> [Data listing]
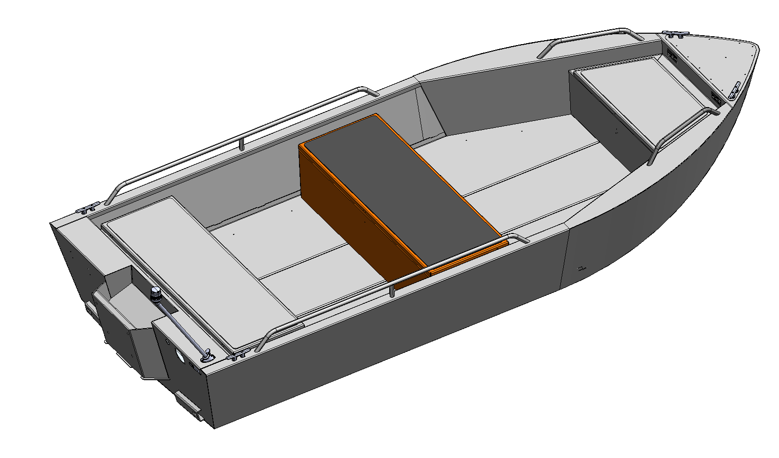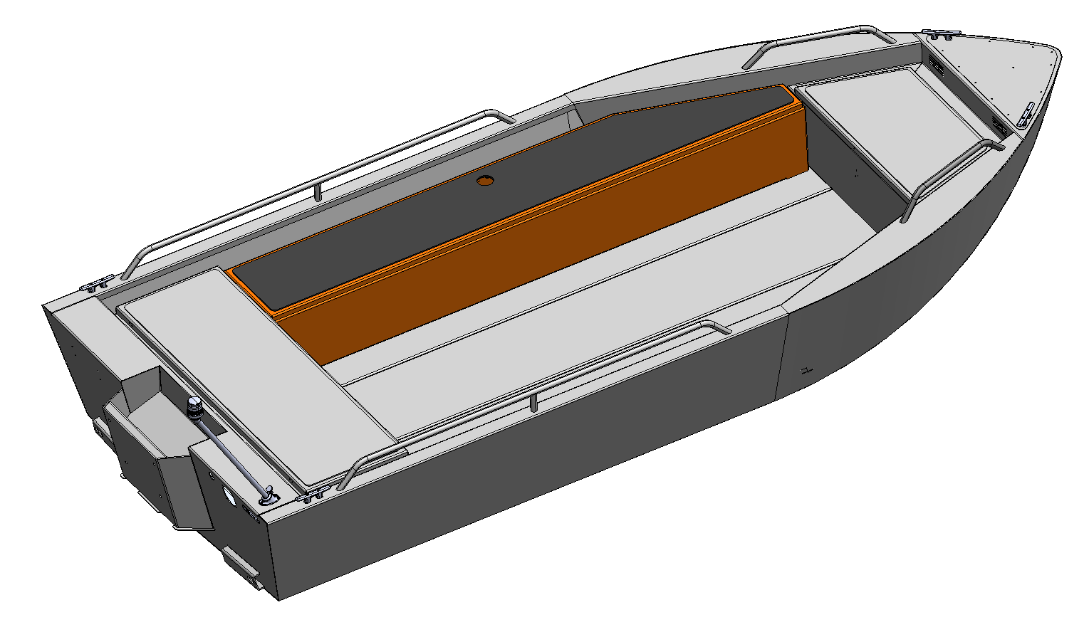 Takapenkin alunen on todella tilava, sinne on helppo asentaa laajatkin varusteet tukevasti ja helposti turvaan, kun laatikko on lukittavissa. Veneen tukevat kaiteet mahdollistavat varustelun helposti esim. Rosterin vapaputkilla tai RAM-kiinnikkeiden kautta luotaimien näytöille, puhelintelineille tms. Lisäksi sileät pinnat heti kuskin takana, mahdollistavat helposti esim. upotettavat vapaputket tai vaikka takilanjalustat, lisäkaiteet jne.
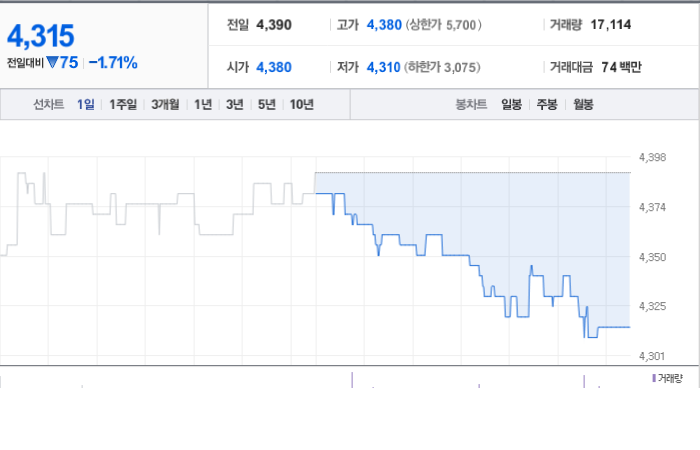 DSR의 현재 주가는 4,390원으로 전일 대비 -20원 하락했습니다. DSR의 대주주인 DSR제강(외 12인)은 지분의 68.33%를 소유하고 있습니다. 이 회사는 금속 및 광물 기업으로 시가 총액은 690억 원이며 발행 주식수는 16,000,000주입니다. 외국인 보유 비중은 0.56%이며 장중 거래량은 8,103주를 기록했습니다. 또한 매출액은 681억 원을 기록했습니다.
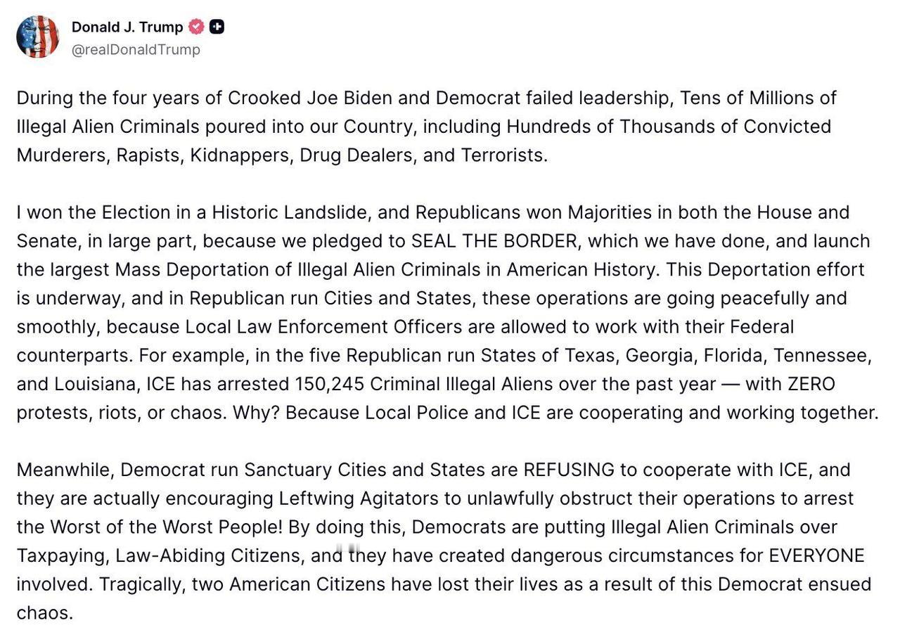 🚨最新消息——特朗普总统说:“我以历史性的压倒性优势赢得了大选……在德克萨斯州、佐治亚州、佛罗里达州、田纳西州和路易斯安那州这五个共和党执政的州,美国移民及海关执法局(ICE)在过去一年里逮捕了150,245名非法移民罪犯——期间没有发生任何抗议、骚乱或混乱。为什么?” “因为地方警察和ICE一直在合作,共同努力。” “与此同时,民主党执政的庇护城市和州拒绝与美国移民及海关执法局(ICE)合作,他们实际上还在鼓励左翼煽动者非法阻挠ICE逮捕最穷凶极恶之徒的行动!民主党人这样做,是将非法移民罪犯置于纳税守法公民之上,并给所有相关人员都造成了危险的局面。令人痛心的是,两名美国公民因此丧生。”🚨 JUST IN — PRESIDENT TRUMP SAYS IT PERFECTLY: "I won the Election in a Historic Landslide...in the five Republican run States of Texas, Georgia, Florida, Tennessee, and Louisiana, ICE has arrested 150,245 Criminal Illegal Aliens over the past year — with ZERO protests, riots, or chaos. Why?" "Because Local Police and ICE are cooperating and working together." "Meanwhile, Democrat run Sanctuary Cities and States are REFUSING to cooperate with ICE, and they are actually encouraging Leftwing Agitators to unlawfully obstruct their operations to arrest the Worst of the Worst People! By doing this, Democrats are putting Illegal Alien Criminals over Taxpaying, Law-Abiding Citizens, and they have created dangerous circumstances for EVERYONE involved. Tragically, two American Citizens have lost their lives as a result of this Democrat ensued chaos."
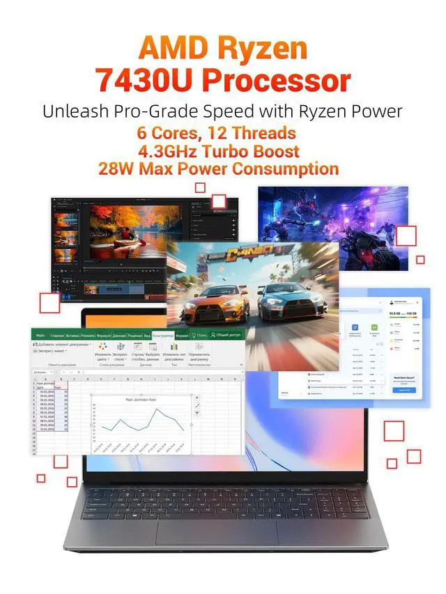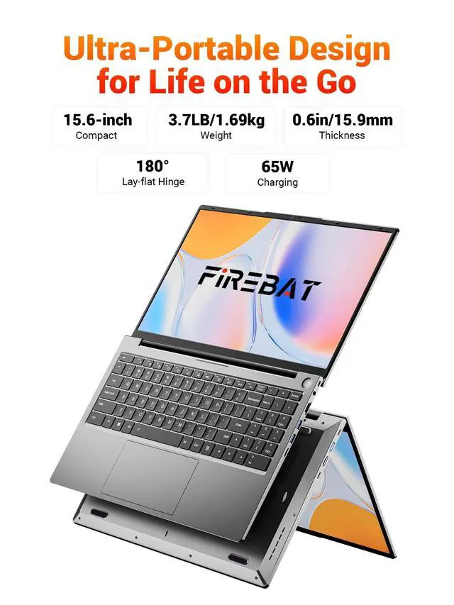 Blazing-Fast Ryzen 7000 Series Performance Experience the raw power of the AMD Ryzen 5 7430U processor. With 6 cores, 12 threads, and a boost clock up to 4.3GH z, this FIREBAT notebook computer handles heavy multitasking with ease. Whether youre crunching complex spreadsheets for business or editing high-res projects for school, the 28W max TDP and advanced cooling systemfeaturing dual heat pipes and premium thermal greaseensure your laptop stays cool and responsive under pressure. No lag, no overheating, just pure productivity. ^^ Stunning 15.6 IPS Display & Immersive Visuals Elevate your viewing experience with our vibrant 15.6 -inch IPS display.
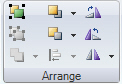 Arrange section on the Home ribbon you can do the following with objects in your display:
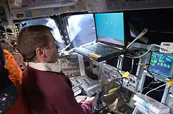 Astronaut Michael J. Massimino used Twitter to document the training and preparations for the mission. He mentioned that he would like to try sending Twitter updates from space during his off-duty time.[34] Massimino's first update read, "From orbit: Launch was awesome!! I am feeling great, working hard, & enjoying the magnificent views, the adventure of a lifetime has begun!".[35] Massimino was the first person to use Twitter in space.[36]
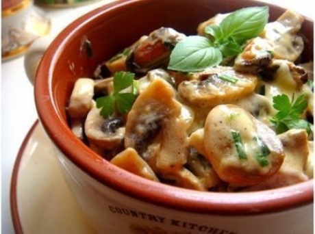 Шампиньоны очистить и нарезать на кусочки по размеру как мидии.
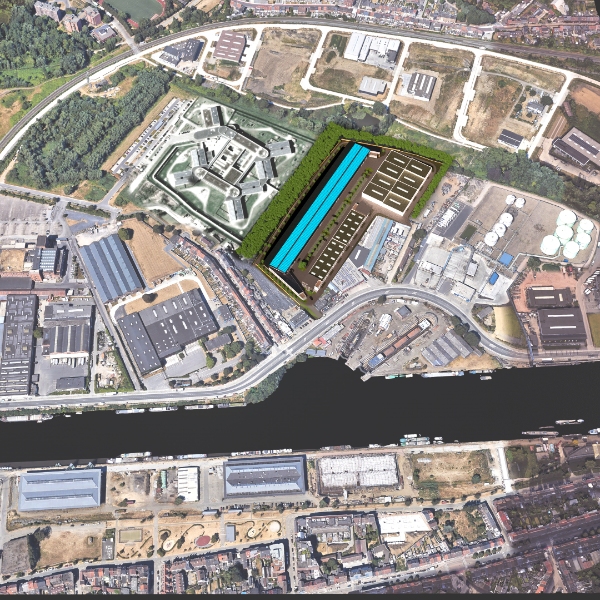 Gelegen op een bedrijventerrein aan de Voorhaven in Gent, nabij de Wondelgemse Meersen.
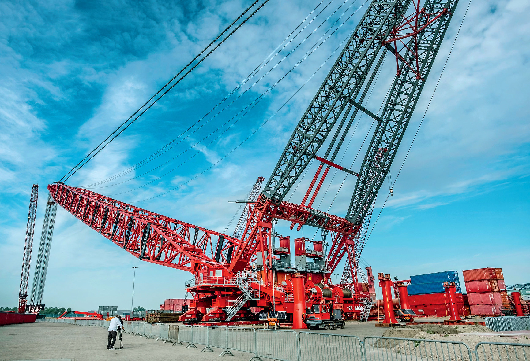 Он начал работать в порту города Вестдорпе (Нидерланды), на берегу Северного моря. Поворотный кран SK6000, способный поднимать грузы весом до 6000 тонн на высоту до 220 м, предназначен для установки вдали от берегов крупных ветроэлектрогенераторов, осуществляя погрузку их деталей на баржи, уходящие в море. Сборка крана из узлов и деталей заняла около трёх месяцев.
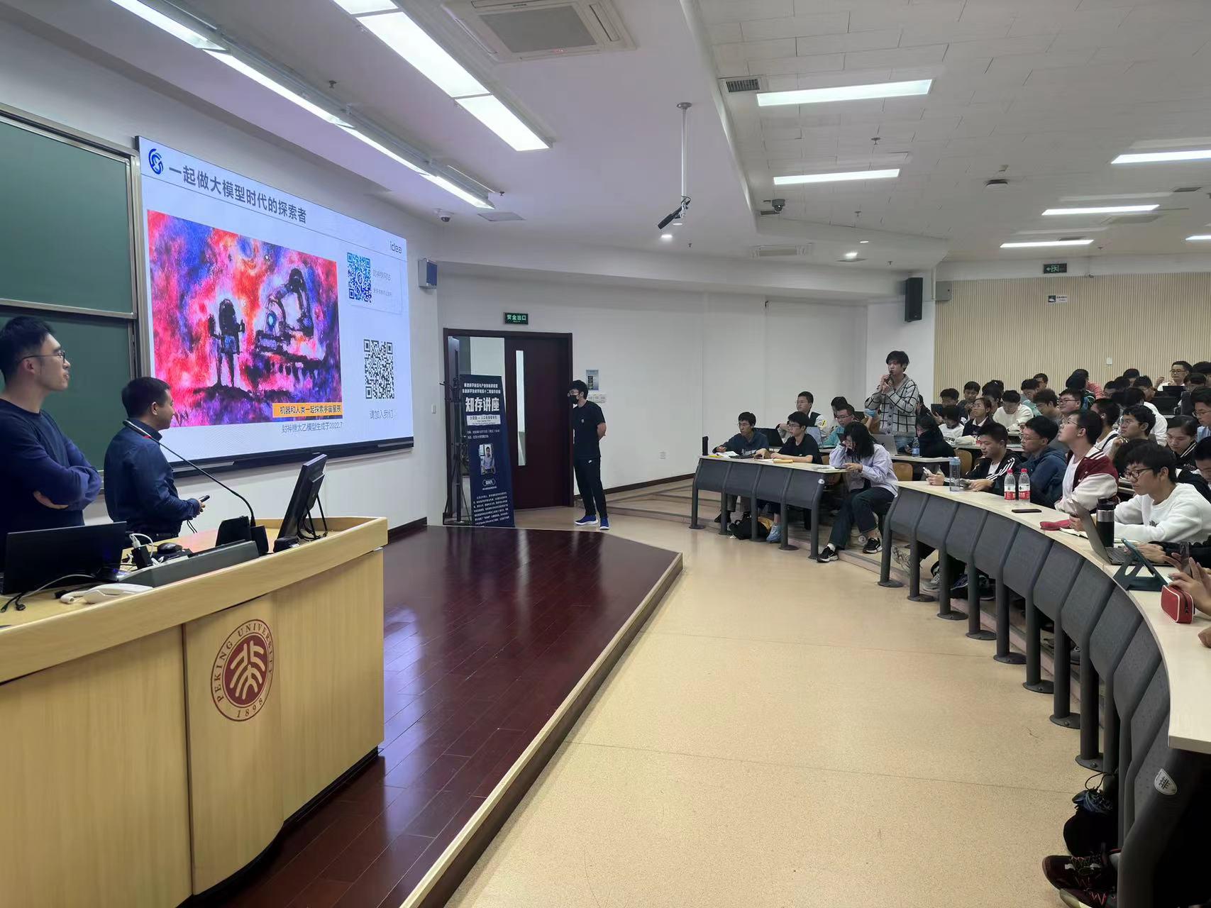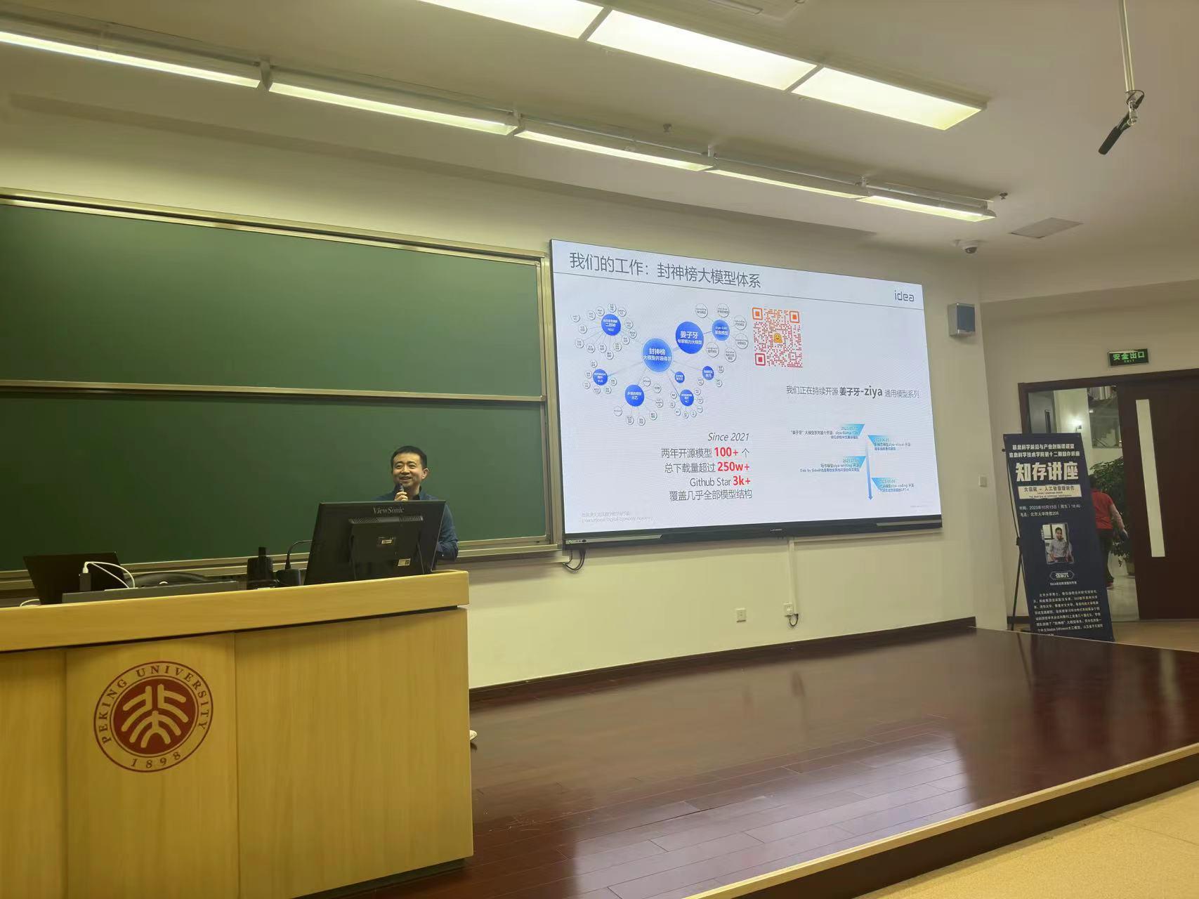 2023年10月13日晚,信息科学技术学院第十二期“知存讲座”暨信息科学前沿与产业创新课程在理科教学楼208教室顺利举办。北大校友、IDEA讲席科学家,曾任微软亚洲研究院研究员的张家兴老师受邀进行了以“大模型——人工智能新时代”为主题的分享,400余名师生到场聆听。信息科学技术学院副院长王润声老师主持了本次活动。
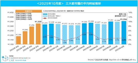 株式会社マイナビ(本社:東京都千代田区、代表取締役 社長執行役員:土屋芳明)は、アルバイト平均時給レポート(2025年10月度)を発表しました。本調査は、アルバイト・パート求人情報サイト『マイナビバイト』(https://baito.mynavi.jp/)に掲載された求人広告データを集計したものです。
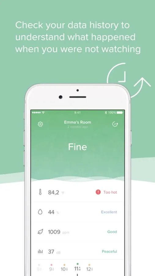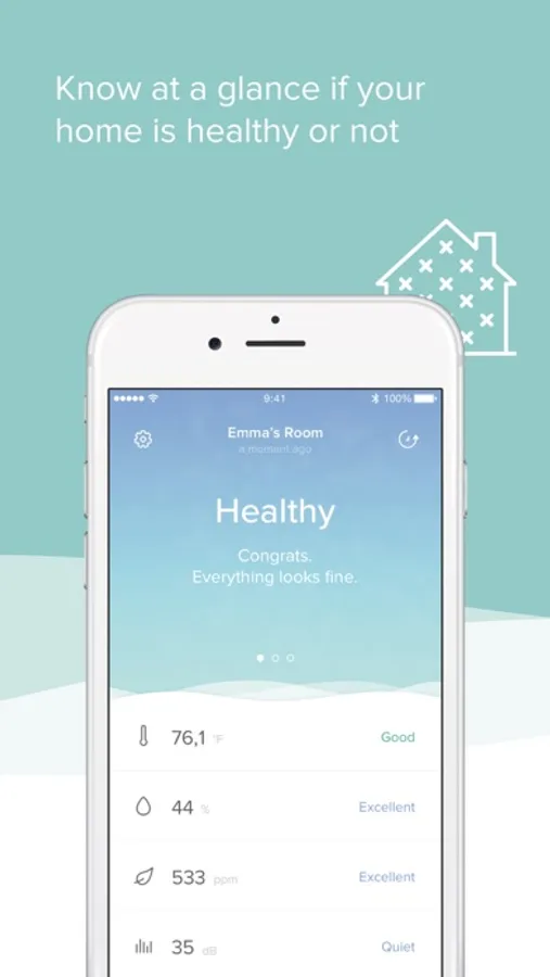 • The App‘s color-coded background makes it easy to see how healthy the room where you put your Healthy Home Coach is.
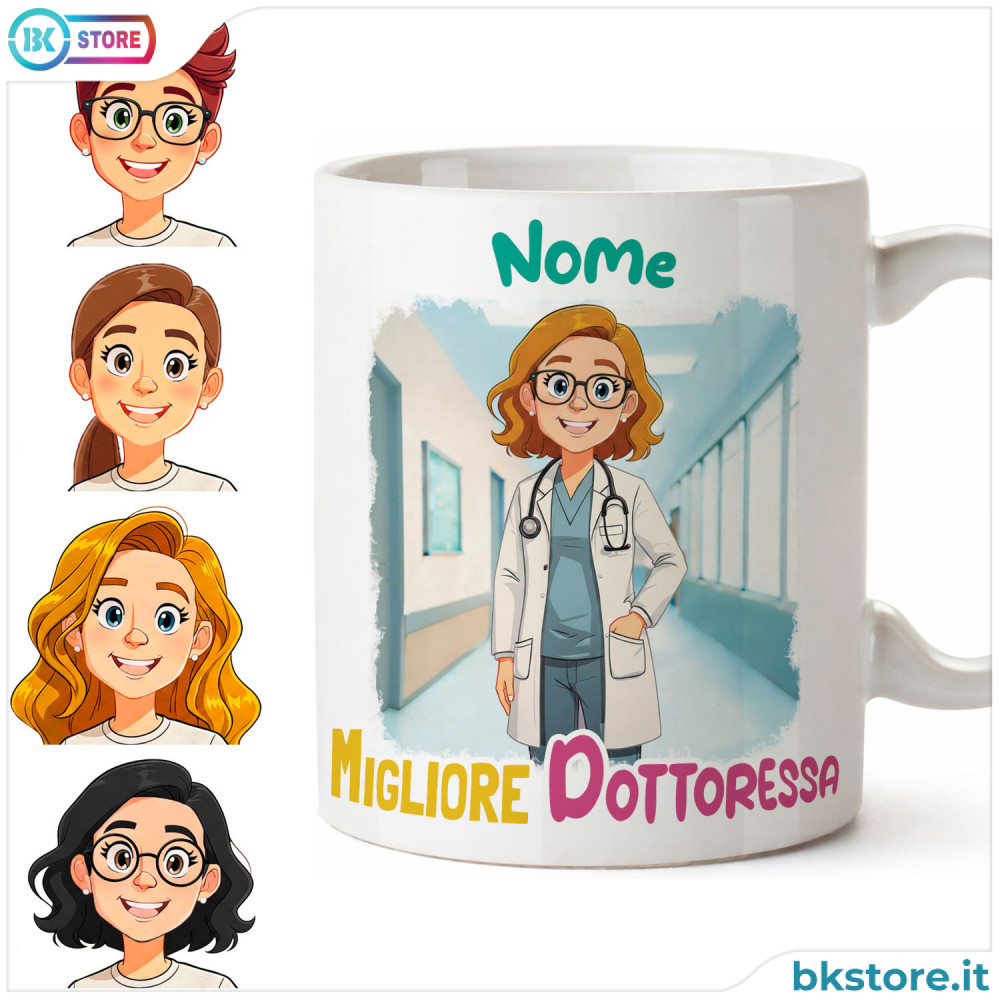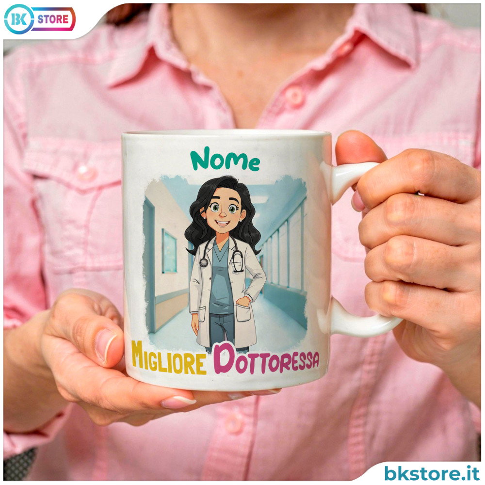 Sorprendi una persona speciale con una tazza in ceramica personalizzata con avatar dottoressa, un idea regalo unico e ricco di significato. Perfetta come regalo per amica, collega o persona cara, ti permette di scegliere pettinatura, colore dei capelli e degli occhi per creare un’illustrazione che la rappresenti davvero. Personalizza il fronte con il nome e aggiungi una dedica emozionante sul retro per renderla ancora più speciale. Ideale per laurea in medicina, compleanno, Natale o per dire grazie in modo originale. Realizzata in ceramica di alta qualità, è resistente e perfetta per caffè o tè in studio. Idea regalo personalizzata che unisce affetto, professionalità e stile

> [Instructions for the task] With the pictures removed, print only the lines starting at the line that has "Шампиньоны очистить и" and ending at the line that has "Gelegen op een", both ends included, exactly as they stand above.

> [Result]
 Шампиньоны очистить и нарезать на кусочки по размеру как мидии.
 Gelegen op een bedrijventerrein aan de Voorhaven in Gent, nabij de Wondelgemse Meersen.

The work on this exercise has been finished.